Este projeto de comercialização, liderado pelas sócias Isabelle Ebener e Ana Carolina Bassetto, foi submetido à avaliação da Enactus, uma organização internacional que motiva universitários a realizarem empreendedorismo social. Essa iniciativa permitiu que o projeto participasse de diversos editais de fomento ao empreendedorismo, abrangendo desde concursos internacionais, como os promovidos pela Ford e Cargill, até nacionais, como o Delta Capital do SEBRAE.
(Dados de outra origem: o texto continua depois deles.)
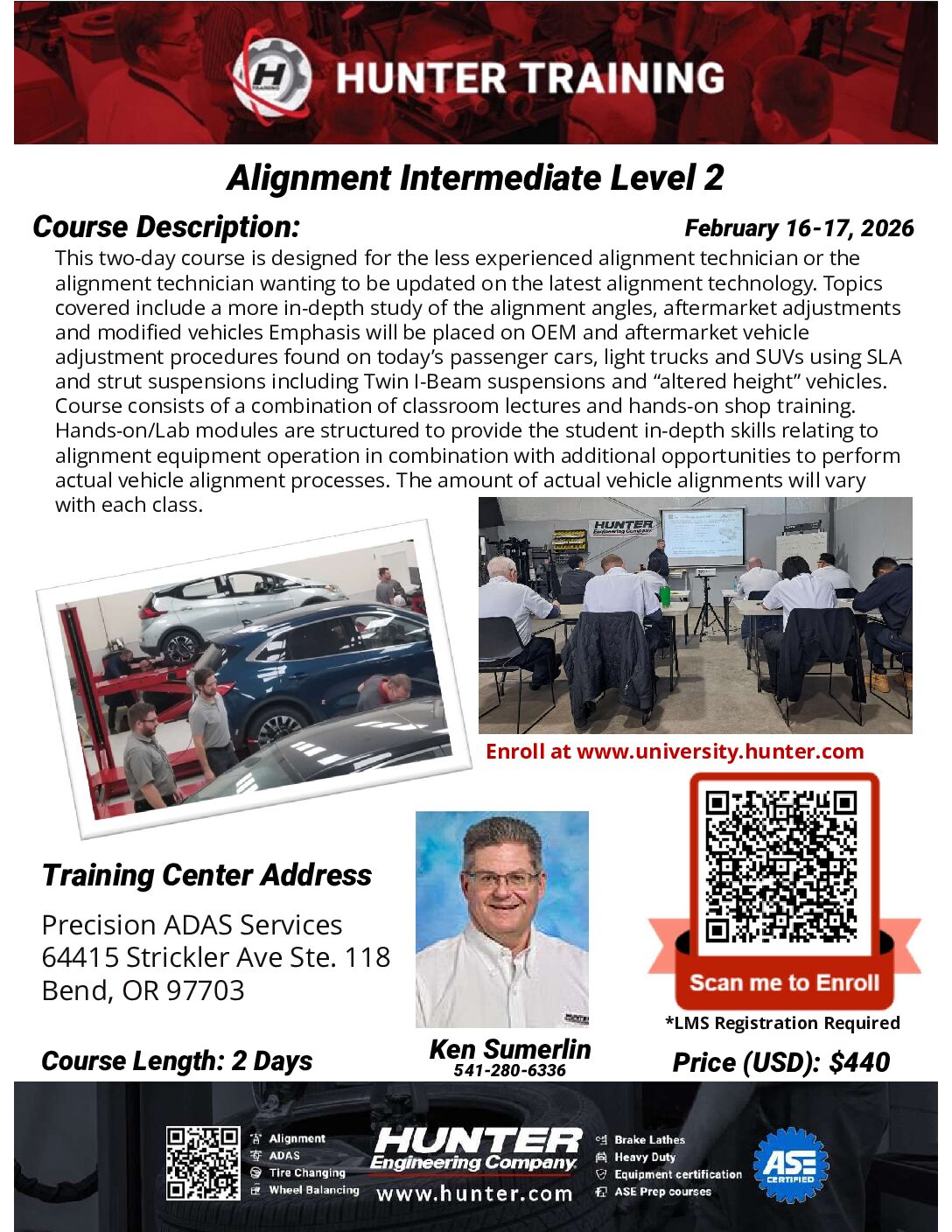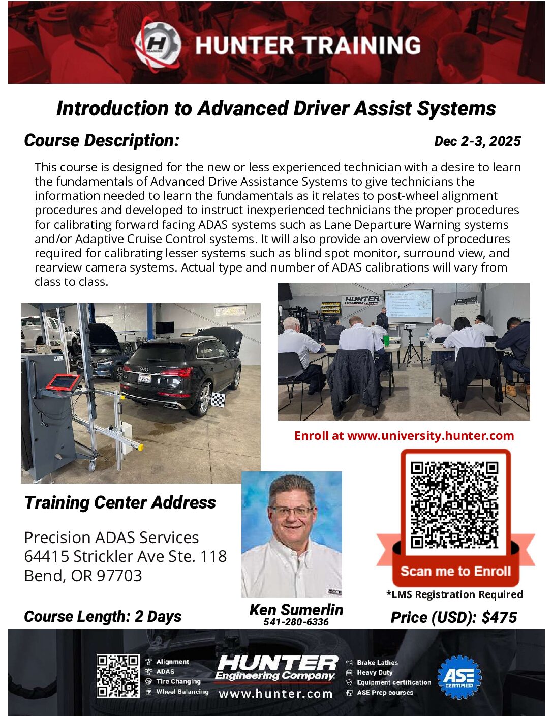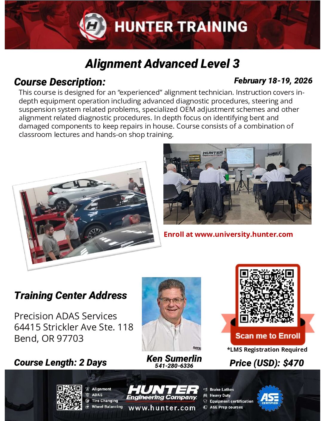 Northwest Auto Care Alliance is partnering with Hunter Engineering to bring you trainings. NWACA members receive a 10% discount. Please call or email Ken Sumerlin for more information.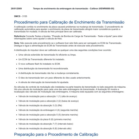 Procedimento técnico PDF (KENR6680-05) para realizar a Calibração de Enchimento das Embreagens da Transmissão Caterpillar. Essencial para corrigir trancos e falhas nas trocas de marcha. Produto 100% digital.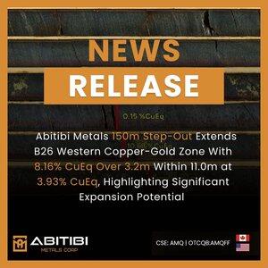 NYHETSMELDING: Abitibi Metals 150m Step-Out utvider B26 Western Copper-Gold Zone med 8,16 % CuEq over 3,2 m innen 11,0 m ved 3,93 % CuEq Fremhever betydelig ekspansjonspotensial  Lese: CSE: $AMQ. Til 🇨🇦 OTCQB: $AMQFF 🇺🇸

Esses incentivos contribuíram significativamente para o reconhecimento do projeto, culminando no desenvolvimento do modelo atual do Quintal Coletivo: um site que reúne uma variedade de itens de produtores locais, oferecendo aos consumidores a possibilidade de escolha e entrega direto na porta de casa.

Isabelle Ebener e Ana Carolina Basseto, fundadoras do quintal Coletivo/Reprodução: Isabelle Ebener

Consumo consciente

Hortaliças, frutas, laticínios, massas, mel e até setores de jardinagem e decoração são algumas das categorias encontradas neste ambiente virtual. Tudo é confeccionado na região e selecionado criteriosamente pelas sócias do Quintal Coletivo, que se deslocam à propriedade para a coleta.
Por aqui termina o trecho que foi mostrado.